Stitching together different rulebooks and cultures requires “a very thorough process” that is underway, he said, plus there’s the challenge of helping firms become dually registered. One key element is being “very thoughtful of the smaller dealers, to make sure they just [aren’t] going to get swallowed up here and lost in the shuffle.”
Simultaneously, there are myriad other regulatory initiatives in the works.
The client-focused reforms (CFRs), the effects of which are now being measured, and the new total cost reporting (TCR) requirements were major discussion points. Magidson pointed to the recent review of how 172 firms across the industry were meeting conflict-of-interest provisions under the CFRs, out of which only a few dozen firms received “gold stars.”
The issues found were “largely articulated” in the August 2023 notice, he said, noting the intention wasn’t to take “a heavy hammer approach; to say, ‘We got you.'” Rather, regulators wanted to address where firms aren’t properly identifying and dealing with conflicts, after the long implementation process that was followed.
There will be an upcoming review of how well firms are meeting CFR know-your-product and suitability requirements, Magidson confirmed.
The same kind of careful pre-planning, support and review process will be followed for the TCR requirements. First, there is an implementation committee that’s dedicated to helping with TCR changes ahead of 2026, said Magidson.
“We realize there is lead time required to get to [a final] place, and we’re not looking for bumpy landings here. We’re trying to get the transition [right].”

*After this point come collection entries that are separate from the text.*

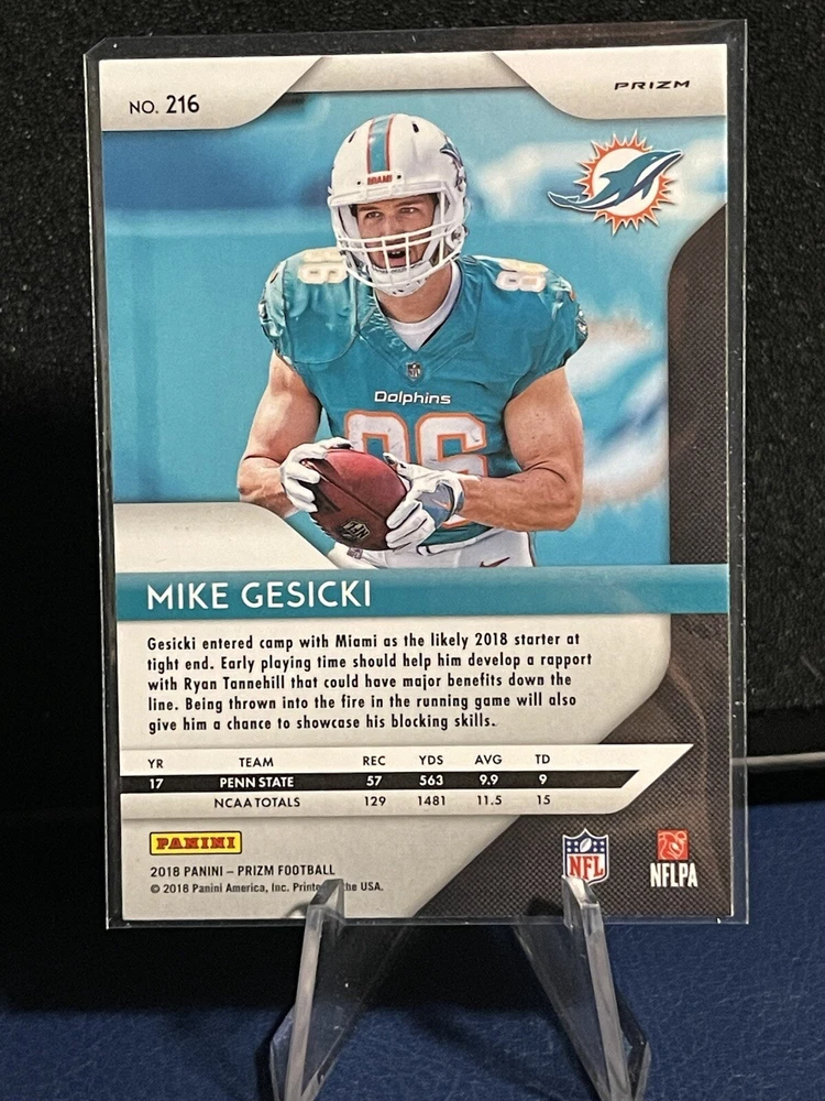This 2018 Panini Prizm trading card features rookie Mike Gesicki from the Cincinnati Bengals of the National Football League. The card is a Silver Prizm variety, making it a unique addition to any sports trading card collection. The card's manufacturer, Panini, has highlighted its features as a parallel/variety card, which makes it an even more special item. This trading card is perfect for avid collectors and fans of the sport alike. Get your hands on this 2018 Panini Prizm Mike Gesicki Silver Prizm Rookie RC card now!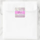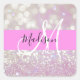 La parties scintillant de bokeh pastel lilas chimmer scintille le nom monogramme et l'autocollant carré initial. Votre nom personnalisé et votre monogramme sont écrits dans un élégant script écrit à la main avec un arrière - plan rose. Un cadeau d'anniversaire ou de Noël parfait !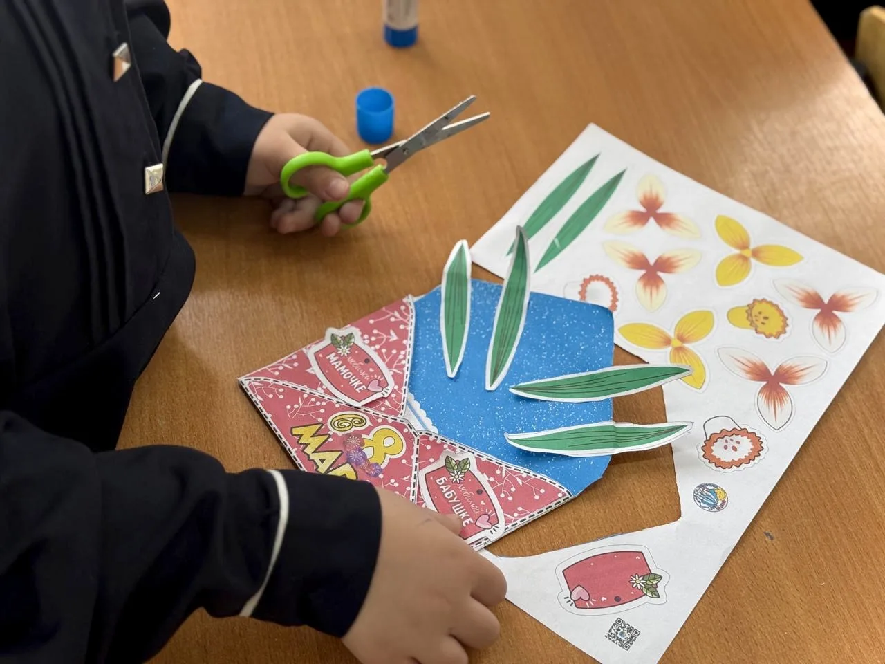 Кульминацией занятия стало создание ярких аппликаций, которые дети подарят своим мамам. 🤍

As for how the effectiveness and impact of the TCR changes will be measured, there’s no clarity yet. “I’d love to be able to tell you that we’ve thought it all through. But in reality, I think in many ways we’re just so focused on getting TCR implementation [completed] in a fashion that works for all,” Magidson said.
“Closer to implementation, we’ll start to focus more on how are we going to do a lookback post-mortem,” he added.
Regulators’ agendas also include key additional priorities: how big data and artificial intelligence can be used more efficiently; the continued prevalence of technology tools being used; the surveillance of systemic risk by industry watchdogs, for which there’s a committee and upcoming research; and what type of guidance can be offered for ESG marketing by firms and advisors.
“There seems to be a lot that’s coming out of the regulator that industry has to deal with, and I want you to know unequivocally that we understand that that’s the case,” said Magidson.
Regulators know that change is “not as simple as — when we put out a new proposal or rule — [the] flip of a switch to serve up a solution.” Rewiring systems or policies could be involved. “I want to assure people that, in that context, we are going to be thoughtful,” said Magidson.